Lord Justice of Appeal
- In office 11 June 1906 – 30 May 1913

Justice of the High Court
- In office 23 October 1899 – 11 June 1906

Personal details
- Born: George Farwell 22 December 1845 Codsall, Staffordshire
- Died: 30 September 1915 (aged 69) Timberscombe, Somerset
- Spouse: Mary Erskine Wickens ​ ​(m. 1873)​
- Children: 6
- Alma mater: Balliol College, Oxford

= George Farwell (judge) =

English judge (1845–1915)

Sir George Farwell (22 December 1845 – 30 September 1915) was an English judge, noted for trying the Taff Vale case at the first instance.

==Biography==
Farwell was born in Codsall, Staffordshire, the second son of Frederick Cooper Farwell, agent to the Duke of Cleveland, and of Louisa Whitbread, née Michell, daughter of Admiral Sir Frederick Michell. He was educated at Rugby School and Balliol College, Oxford, where he took first class honours in classical moderations and second class honours in literae humaniores.
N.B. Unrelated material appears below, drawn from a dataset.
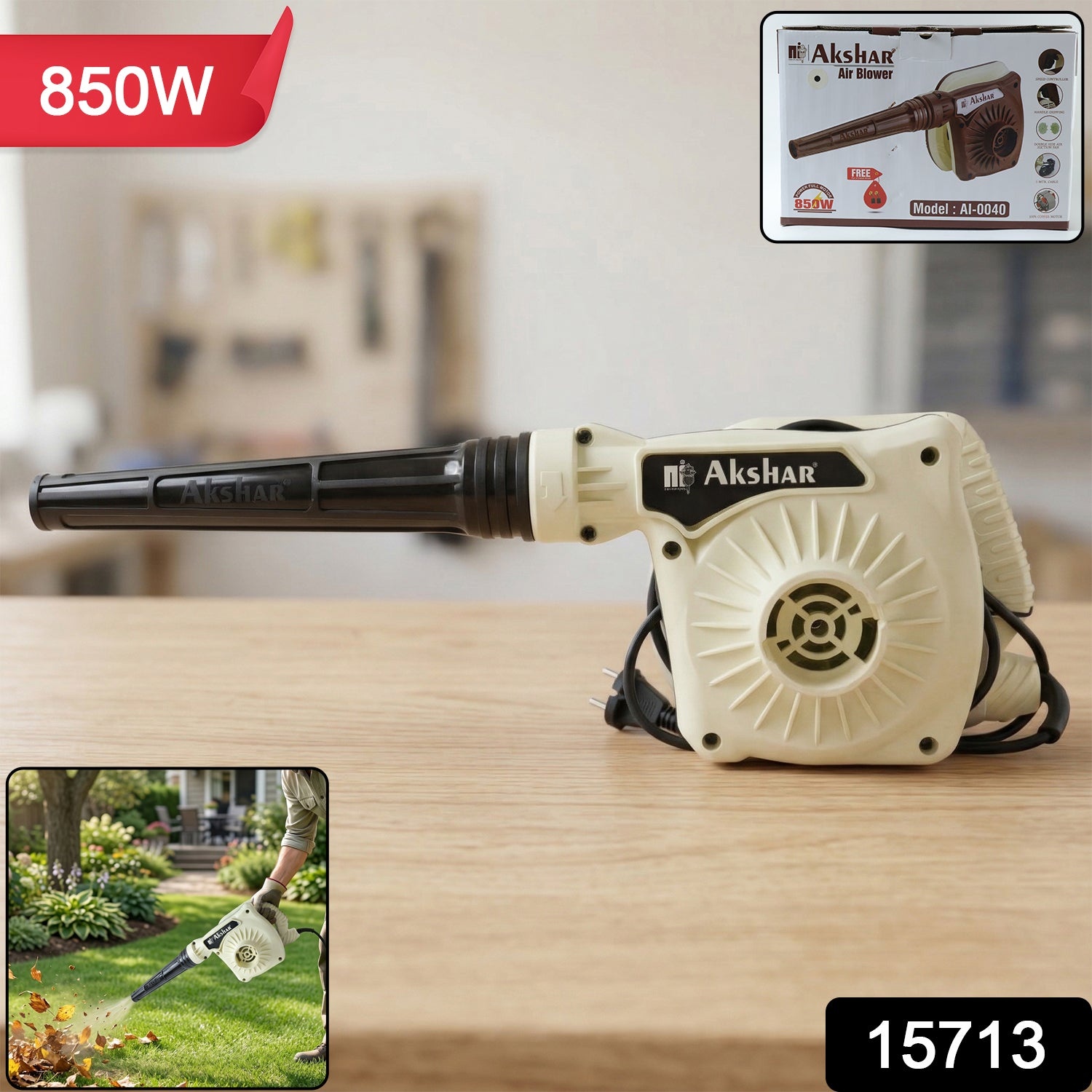 akshar electric air blower AI0040 850W, high power dust cleaning machine, strong air flow electric blower, computer cleaning air blower, home office workshop dust blower, garden leaf blowing electric blower, powerful portable air blower 850W, multi purpose dust and leaf blower, electric blower for electronics and furniture, heavy duty air blower for home and workshop, compact high speed air blower, professional cleaning blower machine

He was called to the bar in 1871, he became a QC in 1891, a bencher of Lincoln's Inn in 1895, while in 1899 he was raised to the bench. In 1900 he came into prominence over the case known as the Taff Vale judgment. His decision, though reversed by the court of appeal, was upheld in 1901 by the House of Lords, and ultimately led to the passing of the Trade Disputes Act (1906). In 1906 Farwell was made a Lord of Appeal, but resigned this position in 1913. He published Concise Treatise on the Law of Powers (1874).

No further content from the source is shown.